She could hardly contain herself.
"This is a particularly interesting site," the teacher began as the ship landed and the students donned their gear for the exploration. "This is one of a few sites found around the planet with similarly-marked artifacts and unusually well-preserved remains. It is theorized that this site was part of a company, or a…"
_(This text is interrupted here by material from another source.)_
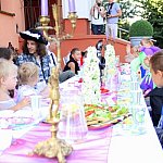 Królewskie "śniadanie na trawie" odbyło się rankiem 11 sierpnia w Artystycznym Ogrodzie przed Centrum Kultury i Sztuki. Do suto zastawionego stołu zasiedli honorowi goście Króla Artusa racząc się pysznościami przygotowanymi przez kucharzy Jego Królewskiej Mości.

Y was only listening to the opening lecture sporadically — she found the scenery quite distracting. According to the site markers, the site itself was huge — the size of a city, but rather than being a conglomerate site of hundreds of structures and millions of beings, it was (according to her teacher) a single, large place used for one specific purpose.
The teacher, sensing the curiosity in the air, skipped straight to the assignment. "You will have until the timer on your communicator goes off, and make sure to keep your communicators on, because we will use them to get your location and pick you up. Please bring back any artifacts or remains you find within that time frame for discussion, and if something is too large to move, take pictures. And don't forget to have fun! I look forward to seeing your results."
Y didn't dawdle — she went straight to the heart of the site. When she arrived at the site, she couldn't believe the condition that the ruins were in — in fact, it hardly seemed as though "ruins" was the right term, as they were surprisingly un-ruined. There was a hole in the structure big enough for her to fit through, and the pile of resulting rubble gave her a feasible way in and out of the building. Y climbed down and began looking around.
When inside, she met up with her friend, H. "Careful,” she warned. “This place has a lot of chambers.”
Saying that there were many chambers in this structure was an understatement… it was a sprawling megalopolis of chambers, closets, offices… everything. "Quite resourceful creatures, weren't they?" Y murmured absently.
"Hm?"
"The hominids. Resourceful."
"Oh, yes, they were. But what exactly WERE all these rooms?"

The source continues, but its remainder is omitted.